RECORDED DATA
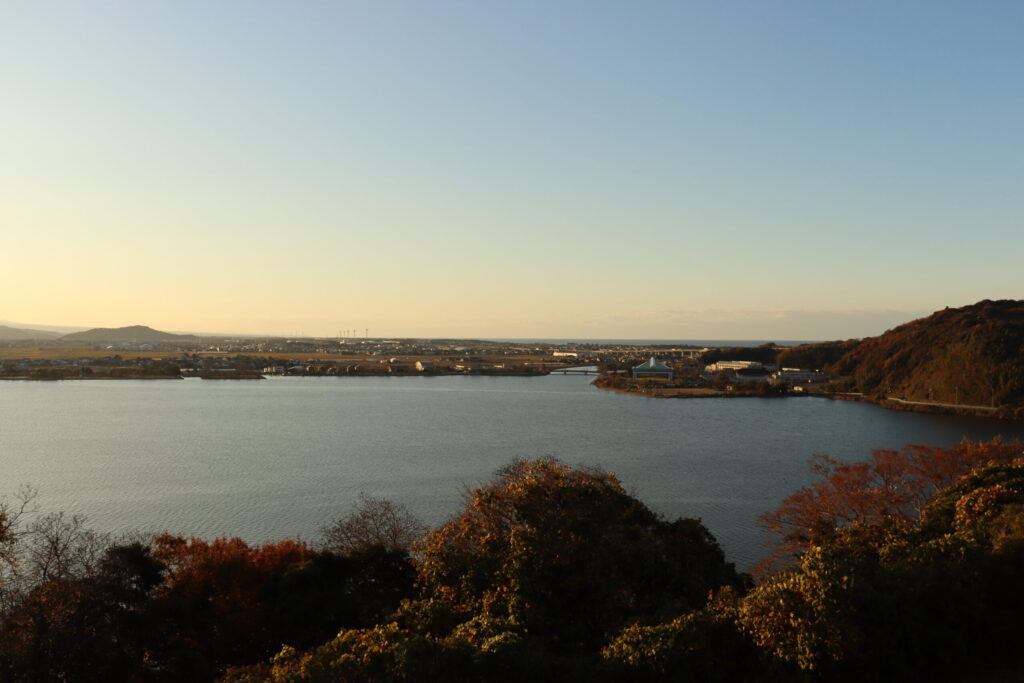 あんまり急ぎ過ぎて、お目当ての展望台へ着いたのは4時過ぎ。真っ青な空と東郷池の水面。湯梨浜の町並みの向こうには十数基の風力発電の白い風車。そして、彼方には中国地方最高峰の大山まで見える絶好のロケーション。
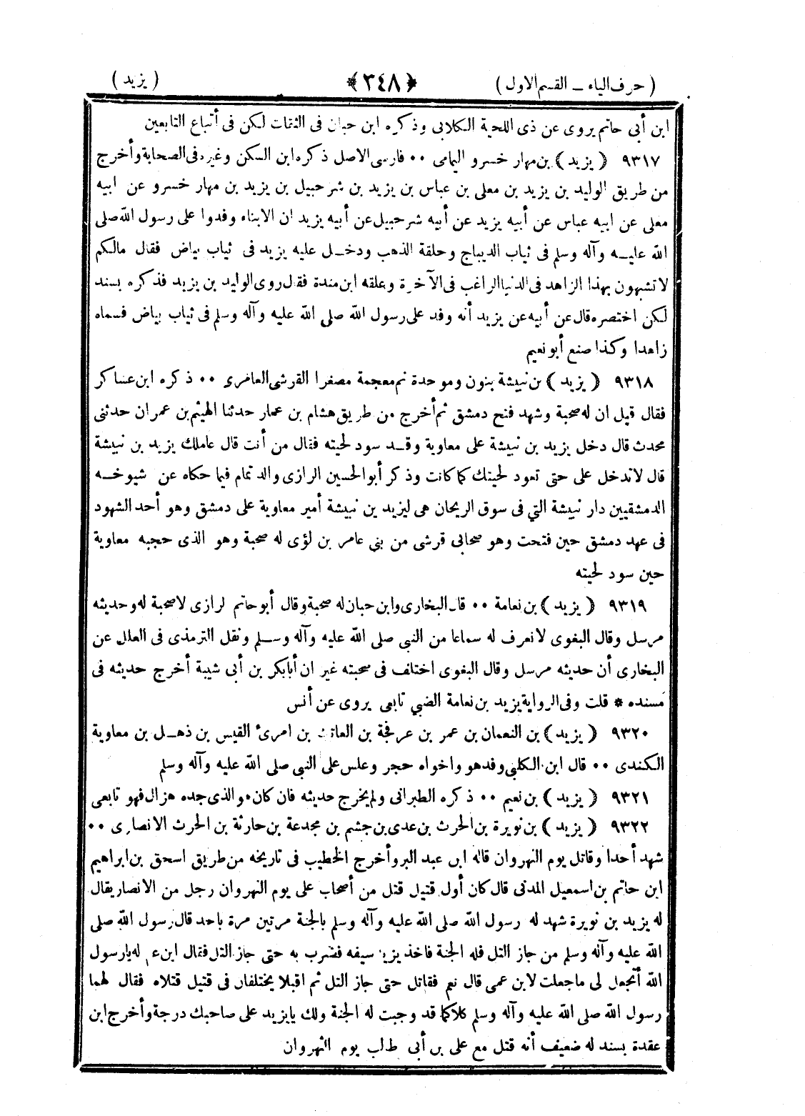 <348> بن أبي حاتم يروى عن ذي اللحية الكلابي وذكره بن حبان في الثقات لكن في أتباع التابعين يزيد بن مهار خسرو اليمامي فارسي الأصل ذكره بن السكن وغيره في الصحابة وأخرج من طريق الوليد بن يزيد بن معلى بن عباس بن يزيد بن شرحبيل بن يزيد بن مهار خسرو عن أبيه معلى عن أبيه عباس عن أبيه يزيد عن أبيه شرحبيل عن أبيه يزيد أن الأبناء وفدوا على رسول الله صلى الله عليه وسلم في ثياب الديباج وحلق الذهب ودخل عليه يزيد في ثياب بياض فقال مالكم لا تشبهون بهذا الزاهد في الدنيا الراغب في الآخرة وعلقه بن منده فقال روى الوليد بن يزيد فذكره بسنده لكن اختصره قال عن أبيه عن يزيد أنه وفد على رسول الله صلى الله عليه وسلم في بياض فسماه زاهدا وكذا صنع أبو نعيم يزيد بن نبيشة بنون وموحدة ثم معجمة مصغرا القرشي العامري ذكره بن عساكر فقال قيل ان له صحبة وشهد فتح دمشق ثم أخرج من طريق هشام بن عمار حدثنا الهيثم بن عمران حدثني محدث قال دخل يزيد بن نبيشة على معاوية وقد سود لحيته فقال من أنت قال عاملك يزيد بن نبيشة قال لا تدخل علي حتى تهود لحيتك كما كانت وذكر أبو الحسين الرازي والد تمام فيما حكاه عن شيوخه الدمشقيين دار نبيشة التي في سوق الريحان هي ليزيد بن نبيشة أمير معاوية على دمشق وهو أحد الشهود في عهد دمشق حين فتحت وهو صحابي قرشي من بني عامر بن لؤي له صحبة وهو الذي حجبه معاوية حين سود لحيته يزيد بن نعامة قال البخاري وابن حبان له صحبة وقال أبو حاتم الرازي لا صحبة له وحديثه مرسل وقال البغوي لا نعرف له سماعا من النبي صلى الله عليه وسلم ونقل الترمذي في العلل عن البخاري أن حديثه مرسل وقال البغوي اختلف في صحبته غير أن أبا بكر بن أبي شيبة أخرج حديثه في مسنده قلت وفي الرواة يزيد بن نعامة الضبي تابعي يروى عن أنس يزيد بن النعمان بن عمرو بن عرفجة بن العاتك بن امرئ القيس بن ذهل بن معاوية الكندي قال بن الكلبي وفد هو وأخواه حجر وعلس على النبي صلى الله عليه وسلم يزيد بن نعيم ذكره الطبراني ولم يخرج حديثه فان كان هو الذي جده هزال فهو تابعي يزيد بن نويرة بن الحارث بن عدي بن جشم بن مجدعة بن حارثة بن الحارث الأنصاري شهد أحدا وقاتل يوم النهروان قاله بن عبد البر وأخرج الخطيب في تاريخه من طريق إسحاق بن إبراهيم بن حاتم بن إسماعيل المدني قال كان أول قتيل قتل من أصحاب علي يوم النهروان رجل من الأنصار يقال له يزيد بن نويرة شهد له رسول الله صلى الله عليه وسلم بالجنة مرتين مرة بأحد قال رسول الله صلى الله عليه وسلم من جاز التل فله الجنة فأخذ يزيد سيفه فضرب حتى جاز التل فقال بن عم له يا رسول الله أتجعل لي ما جعلت لابن عمي قال نعم فقاتل حتى جاز التل ثم أقبلا يختلفان في قتيل قتلاه فقال لهما رسول الله صلى الله عليه وسلم كلاكما قد وجبت له الجنة ولك يا يزيد على صاحبك درجة وأخرج بن عقدة بسند له ضعيف أنه قتل مع علي بن أبي طالب يوم النهروان §
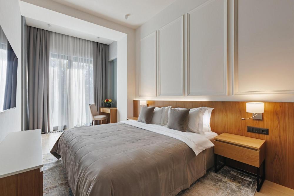 В просторных номерах Джуниор II насладитесь роскошью и комфортом. Уютные и элегантные интерьеры, выполненные в пастельных тонах создают особую атмосферу. В номере увидите собственную кухню с холодильником и премиальной бытовой техникой. В гостиной есть диван, который раскладывается и может послужить дополнительным спальным местом. Номера предусмотрены для проживания 2 взрослых и 2 детей до 12 лет. Один ребенок до 3 лет может расположиться в люльке или без дополнительного спального места. Также в распоряжении кровать “King size” и гостиная зона с диваном и бесплатным Wi-Fi.
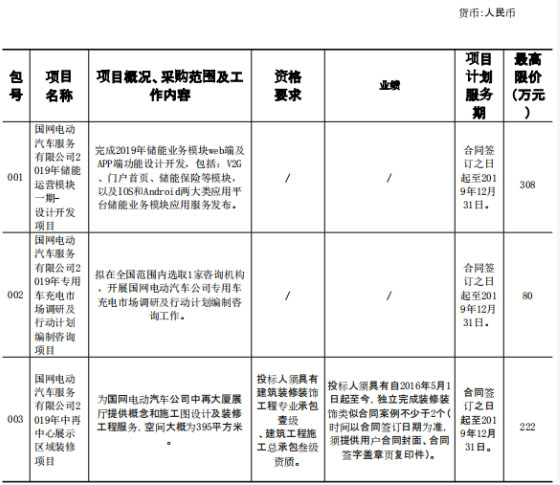 中國(guó)儲(chǔ)能網(wǎng)訊:國(guó)網(wǎng)電動(dòng)汽車服務(wù)有限公司2019年第九批服務(wù)招標(biāo)采購(gòu)項(xiàng)目進(jìn)行招標(biāo)。內(nèi)容包括國(guó)網(wǎng)電動(dòng)汽車服務(wù)有限公司2019年儲(chǔ)能運(yùn)營(yíng)模塊一期-設(shè)計(jì)開發(fā)項(xiàng)目擬采購(gòu)?fù)瓿?019年儲(chǔ)能業(yè)務(wù)模塊web端及APP端功能設(shè)計(jì)開發(fā),包括:儲(chǔ)能V2G功能、門戶首頁(yè)、儲(chǔ)能保險(xiǎn)等模塊,以及IOS和Android兩大類應(yīng)用平臺(tái)儲(chǔ)能業(yè)務(wù)模塊應(yīng)用服務(wù)發(fā)布;國(guó)網(wǎng)電動(dòng)汽車服務(wù)有限公司2019年專用車充電市場(chǎng)調(diào)研及行動(dòng)計(jì)劃編制咨詢項(xiàng)目擬在全國(guó)范圍內(nèi)選取1家咨詢機(jī)構(gòu),開展國(guó)網(wǎng)電動(dòng)汽車公司專用車充電市場(chǎng)調(diào)研及行動(dòng)計(jì)劃編制咨詢工作等。詳情如下:
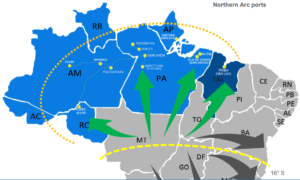 Recent years have witnessed progressive competitiveness of Brazilian commodities, mainly soya beans and corn (maize), which exports have exceeded those of traditional grain producers, such as the United States and Argentina, making Brazil the world’s largest exporter of these agricultural products. Successive record crops and the increasing demands of the consumer markets, principally China, have led to increasing bottlenecks in the already overburdened grain ports in the South and Southeast regions, resulting in higher transportation costs and longer journeys from … Continue reading Brazil’s Northern Arc ports
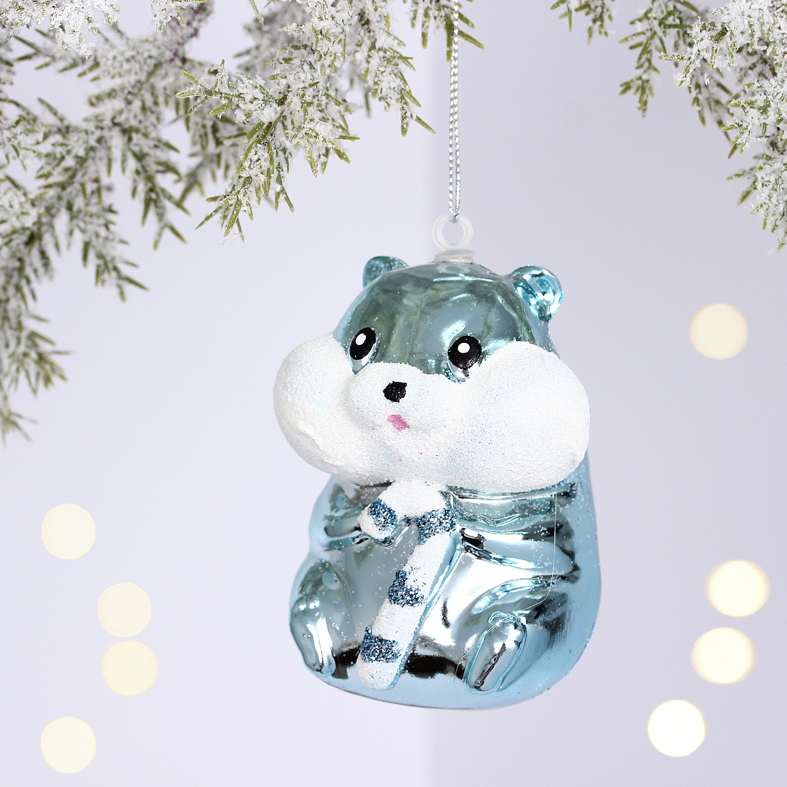 Ёлочная игрушка «Милый бурундук» 5.5*6*8.5 cм, Голубой, пластик, для елки и декорирования
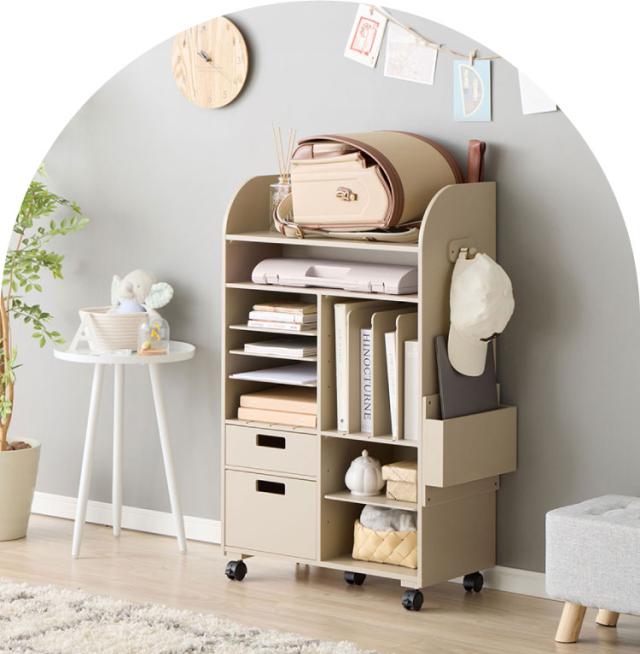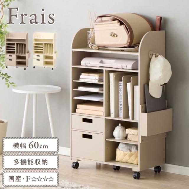 Frais ランドセルラック グレージュ オフホワイト ランドセル収納 リビング学習 リビング タブレット学習 モダン 多機能 未就学 小学生 キャスター付き 移動 コンパクト コンセント 便利 多機能(代引不可)【送料無料】
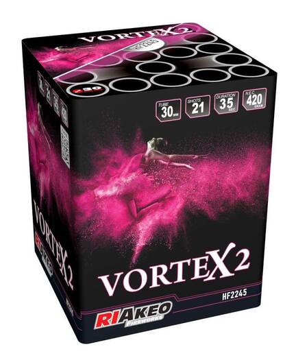 Topkvalitet fra Riakeo. Vortex 2 er brag af et 21-skuds batteri med enorme guldbomber tilsat farvede kugler i afmålt mængde. Det er ikke et batteri, der fylder meget i bagagerummet, men på himlen er det en helt anden snak.

WORK ITEM
Return the material word for word. Pictures are not part of the copy.

RESPONSE TO THIS EXERCISE
 あんまり急ぎ過ぎて、お目当ての展望台へ着いたのは4時過ぎ。真っ青な空と東郷池の水面。湯梨浜の町並みの向こうには十数基の風力発電の白い風車。そして、彼方には中国地方最高峰の大山まで見える絶好のロケーション。
 <348> بن أبي حاتم يروى عن ذي اللحية الكلابي وذكره بن حبان في الثقات لكن في أتباع التابعين يزيد بن مهار خسرو اليمامي فارسي الأصل ذكره بن السكن وغيره في الصحابة وأخرج من طريق الوليد بن يزيد بن معلى بن عباس بن يزيد بن شرحبيل بن يزيد بن مهار خسرو عن أبيه معلى عن أبيه عباس عن أبيه يزيد عن أبيه شرحبيل عن أبيه يزيد أن الأبناء وفدوا على رسول الله صلى الله عليه وسلم في ثياب الديباج وحلق الذهب ودخل عليه يزيد في ثياب بياض فقال مالكم لا تشبهون بهذا الزاهد في الدنيا الراغب في الآخرة وعلقه بن منده فقال روى الوليد بن يزيد فذكره بسنده لكن اختصره قال عن أبيه عن يزيد أنه وفد على رسول الله صلى الله عليه وسلم في بياض فسماه زاهدا وكذا صنع أبو نعيم يزيد بن نبيشة بنون وموحدة ثم معجمة مصغرا القرشي العامري ذكره بن عساكر فقال قيل ان له صحبة وشهد فتح دمشق ثم أخرج من طريق هشام بن عمار حدثنا الهيثم بن عمران حدثني محدث قال دخل يزيد بن نبيشة على معاوية وقد سود لحيته فقال من أنت قال عاملك يزيد بن نبيشة قال لا تدخل علي حتى تهود لحيتك كما كانت وذكر أبو الحسين الرازي والد تمام فيما حكاه عن شيوخه الدمشقيين دار نبيشة التي في سوق الريحان هي ليزيد بن نبيشة أمير معاوية على دمشق وهو أحد الشهود في عهد دمشق حين فتحت وهو صحابي قرشي من بني عامر بن لؤي له صحبة وهو الذي حجبه معاوية حين سود لحيته يزيد بن نعامة قال البخاري وابن حبان له صحبة وقال أبو حاتم الرازي لا صحبة له وحديثه مرسل وقال البغوي لا نعرف له سماعا من النبي صلى الله عليه وسلم ونقل الترمذي في العلل عن البخاري أن حديثه مرسل وقال البغوي اختلف في صحبته غير أن أبا بكر بن أبي شيبة أخرج حديثه في مسنده قلت وفي الرواة يزيد بن نعامة الضبي تابعي يروى عن أنس يزيد بن النعمان بن عمرو بن عرفجة بن العاتك بن امرئ القيس بن ذهل بن معاوية الكندي قال بن الكلبي وفد هو وأخواه حجر وعلس على النبي صلى الله عليه وسلم يزيد بن نعيم ذكره الطبراني ولم يخرج حديثه فان كان هو الذي جده هزال فهو تابعي يزيد بن نويرة بن الحارث بن عدي بن جشم بن مجدعة بن حارثة بن الحارث الأنصاري شهد أحدا وقاتل يوم النهروان قاله بن عبد البر وأخرج الخطيب في تاريخه من طريق إسحاق بن إبراهيم بن حاتم بن إسماعيل المدني قال كان أول قتيل قتل من أصحاب علي يوم النهروان رجل من الأنصار يقال له يزيد بن نويرة شهد له رسول الله صلى الله عليه وسلم بالجنة مرتين مرة بأحد قال رسول الله صلى الله عليه وسلم من جاز التل فله الجنة فأخذ يزيد سيفه فضرب حتى جاز التل فقال بن عم له يا رسول الله أتجعل لي ما جعلت لابن عمي قال نعم فقاتل حتى جاز التل ثم أقبلا يختلفان في قتيل قتلاه فقال لهما رسول الله صلى الله عليه وسلم كلاكما قد وجبت له الجنة ولك يا يزيد على صاحبك درجة وأخرج بن عقدة بسند له ضعيف أنه قتل مع علي بن أبي طالب يوم النهروان §
 В просторных номерах Джуниор II насладитесь роскошью и комфортом. Уютные и элегантные интерьеры, выполненные в пастельных тонах создают особую атмосферу. В номере увидите собственную кухню с холодильником и премиальной бытовой техникой. В гостиной есть диван, который раскладывается и может послужить дополнительным спальным местом. Номера предусмотрены для проживания 2 взрослых и 2 детей до 12 лет. Один ребенок до 3 лет может расположиться в люльке или без дополнительного спального места. Также в распоряжении кровать “King size” и гостиная зона с диваном и бесплатным Wi-Fi.
 中國(guó)儲(chǔ)能網(wǎng)訊:國(guó)網(wǎng)電動(dòng)汽車服務(wù)有限公司2019年第九批服務(wù)招標(biāo)采購(gòu)項(xiàng)目進(jìn)行招標(biāo)。內(nèi)容包括國(guó)網(wǎng)電動(dòng)汽車服務(wù)有限公司2019年儲(chǔ)能運(yùn)營(yíng)模塊一期-設(shè)計(jì)開發(fā)項(xiàng)目擬采購(gòu)?fù)瓿?019年儲(chǔ)能業(yè)務(wù)模塊web端及APP端功能設(shè)計(jì)開發(fā),包括:儲(chǔ)能V2G功能、門戶首頁(yè)、儲(chǔ)能保險(xiǎn)等模塊,以及IOS和Android兩大類應(yīng)用平臺(tái)儲(chǔ)能業(yè)務(wù)模塊應(yīng)用服務(wù)發(fā)布;國(guó)網(wǎng)電動(dòng)汽車服務(wù)有限公司2019年專用車充電市場(chǎng)調(diào)研及行動(dòng)計(jì)劃編制咨詢項(xiàng)目擬在全國(guó)范圍內(nèi)選取1家咨詢機(jī)構(gòu),開展國(guó)網(wǎng)電動(dòng)汽車公司專用車充電市場(chǎng)調(diào)研及行動(dòng)計(jì)劃編制咨詢工作等。詳情如下:
 Recent years have witnessed progressive competitiveness of Brazilian commodities, mainly soya beans and corn (maize), which exports have exceeded those of traditional grain producers, such as the United States and Argentina, making Brazil the world’s largest exporter of these agricultural products. Successive record crops and the increasing demands of the consumer markets, principally China, have led to increasing bottlenecks in the already overburdened grain ports in the South and Southeast regions, resulting in higher transportation costs and longer journeys from … Continue reading Brazil’s Northern Arc ports
 Ёлочная игрушка «Милый бурундук» 5.5*6*8.5 cм, Голубой, пластик, для елки и декорирования
 Frais ランドセルラック グレージュ オフホワイト ランドセル収納 リビング学習 リビング タブレット学習 モダン 多機能 未就学 小学生 キャスター付き 移動 コンパクト コンセント 便利 多機能(代引不可)【送料無料】
 Topkvalitet fra Riakeo. Vortex 2 er brag af et 21-skuds batteri med enorme guldbomber tilsat farvede kugler i afmålt mængde. Det er ikke et batteri, der fylder meget i bagagerummet, men på himlen er det en helt anden snak.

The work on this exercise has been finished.